The FBI’s recent takedown of the QakBot botnet sent shockwaves throughout the cybersecurity community when it was first announced last week. QakBot had become the malware of choice for dozens of hacking groups and ransomware outfits that used it to set the table for devastating attacks.

Since emerging in 2007 as a tool used to attack banks, the malware evolved into one of the most commonly-seen strains in the world, luring an ever-increasing number of machines into its powerful web of compromised devices.
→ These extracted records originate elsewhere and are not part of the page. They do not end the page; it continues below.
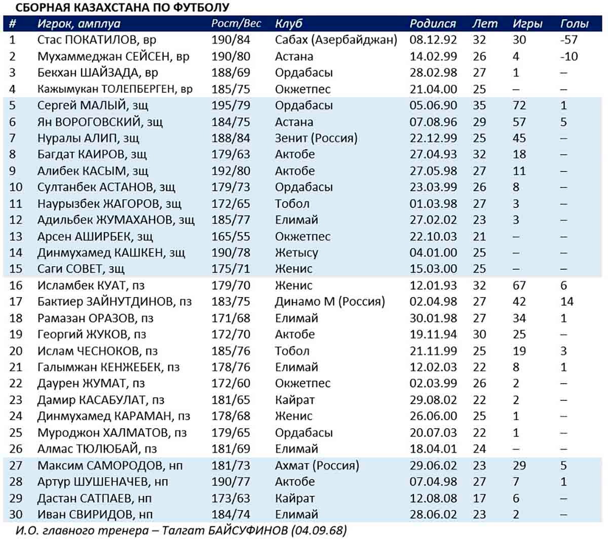 Как отмечает Аманбаев, в сборную Казахстана прибыл только один игрок «Кайрата» – полузащитник Дамир Касабулат.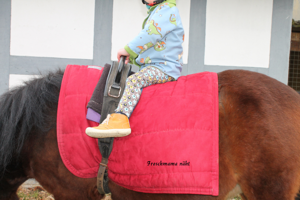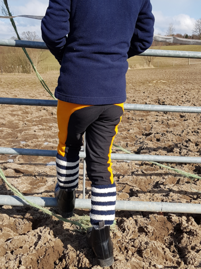 Das Schnittmuster Ride On Boy Reithose mit Vollbesatz ist für dehnbare Materialien konzipiert. Als Spielhose im Reithosenstil kann Jersey oder Sommersweat verwendet werden. Wer eine richtige Reithose zum Reiten nähen möchte, muss darauf achten, dass das Beinteil aus nicht rutschigem Material, wie Cord, Jeans mit Elasthan, dehnbares Wildlederimitat oder Waschleder ect. ist. Das Vorder-und Rückteil bei der Reithose wird aus sehr elastischem Stoff, wie Jersey, Sommersweat oder Romanit Jersey ect. genäht. Die Reithose Ride on ist in den Größen 80 bis 128 gradiert und für schmal bis normal gebaute Jungen geeignet.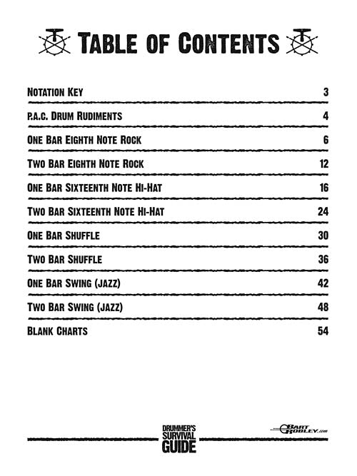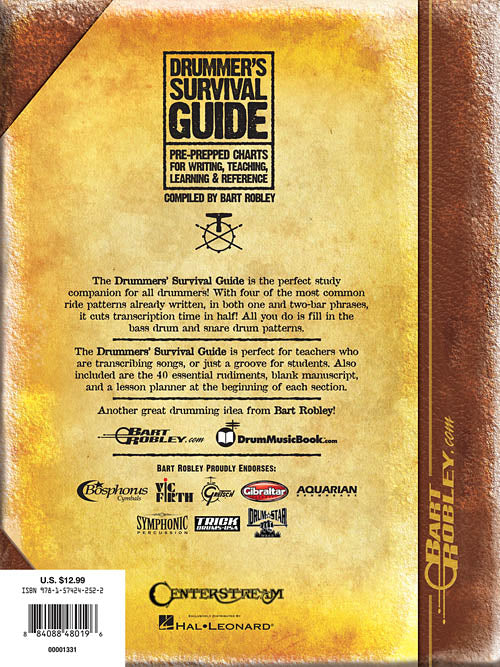 Author: Bart Robley Drummer's Survival Guide Pre-Prepped Charts for Writing, Teaching, Learning & Reference Softcover Presenting the perfect study companion for all drummers! With four of the most common ride patterns already written, in both one-...Regular price $15.99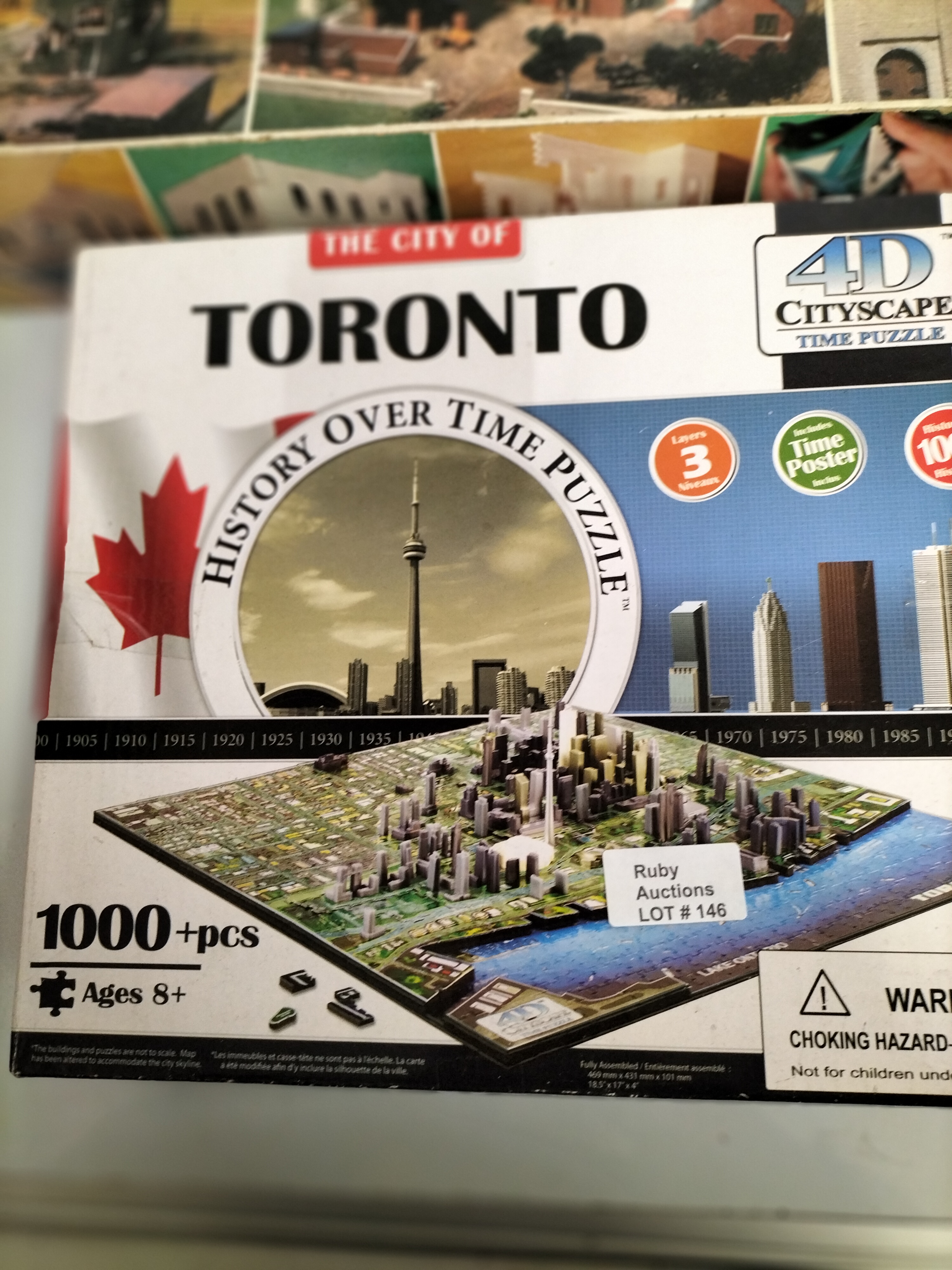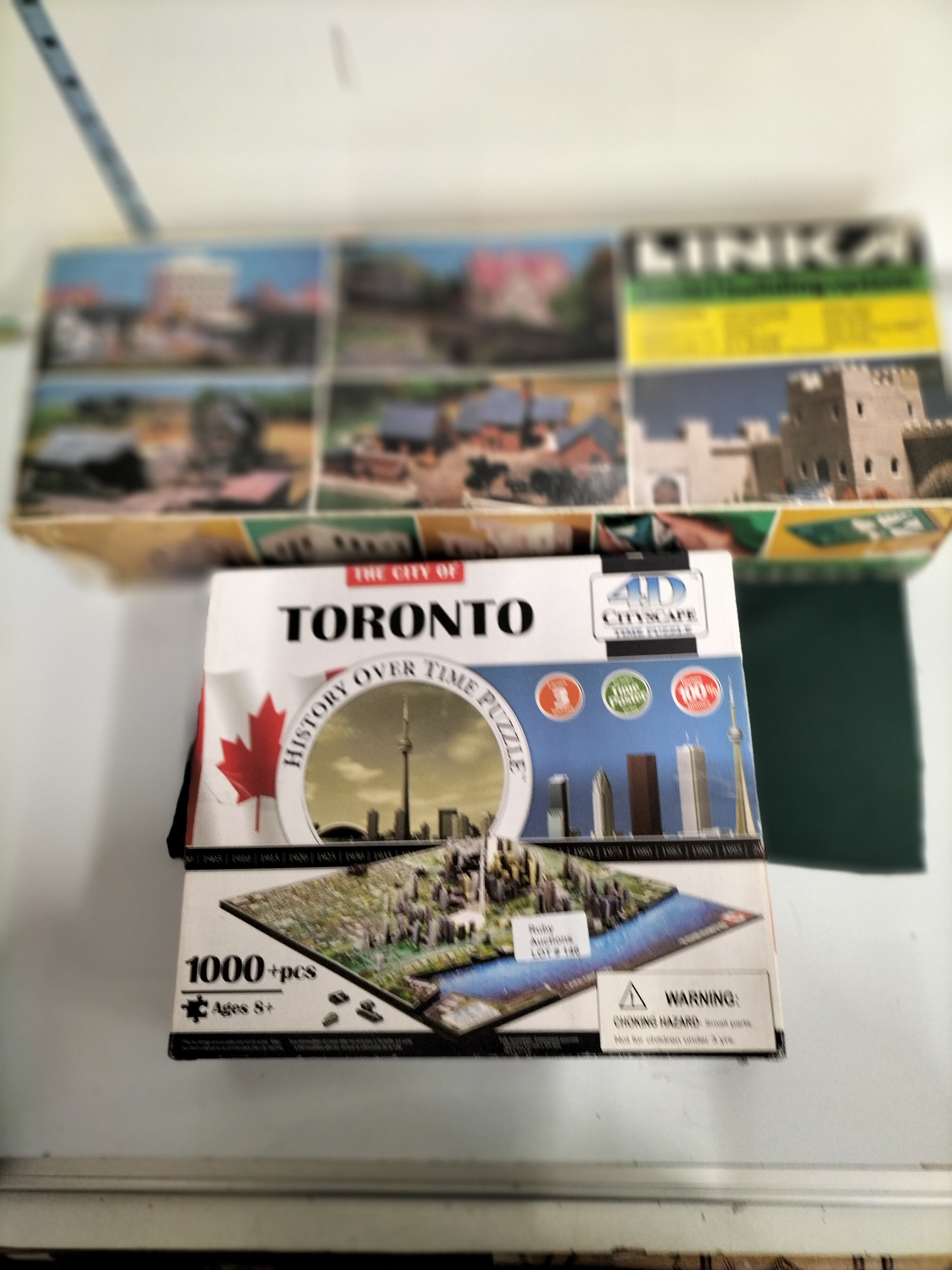 A collection of boxed building sets including a 4D Cityscape Toronto time puzzle with over 1000 pieces and a LINKA model building system kit.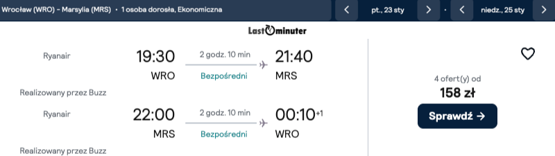 Wylot z Wrocławia do Marsylii to dobra opcja dla osób szukających korzystnych cen. Lot jest bezpośredni i trwa około 2 godziny i 10 minut, więc szybko i bez komplikacji dotrzesz na miejsce, bez czasu straconego na przesiadki.

Justice Department officials said their access to the botnet’s control panel revealed it was harnessing the power of more than 700,000 machines, including over 200,000 in the U.S. alone.

But almost as interesting as the takedown was the way law enforcement agencies pulled off the disruption.

Senior FBI and Justice Department officials — who called it “the most significant technological and financial operation ever led by the Department of Justice against a botnet” — explained in a briefing that they managed to infiltrate the botnet’s infrastructure and take a range of actions to shut it down.

Using a court order, the law enforcement agencies deployed the botnet’s auto-updating feature against itself to send out a custom application that uninstalled QakBot and disabled the feature on devices in the U.S.

“It's as if the boss gave the order, ‘leave this workplace and don't come back,’” said John Hammond, principal security researcher at the cybersecurity intelligence firm Huntress.

Chester Wisniewski, field CTO of applied research at Sophos, said the tactic reminded him of NotPetya, where a software downloader feature was abused by Russian hackers to download malware instead of updates.

“Almost all modern botnets have auto update functionality and if you can gain control of the communications channels you can essentially make them self-destruct,” Wisniewski said. “If we start having success with that though, criminals could start using digital signatures to make this more difficult.”

Other botnets

The FBI and other law enforcement agencies have conducted similar operations in the past to take down botnet networks.

The FBI’s targeting of the Kremlin-backed Snake malware in May, as well as the operation to disrupt the Cyclops Blink malware, are examples of the kind of offensive actions law enforcement agencies are now taking to not just remove malicious software from devices in the U.S. but reduce the size of powerful botnets causing significant harm.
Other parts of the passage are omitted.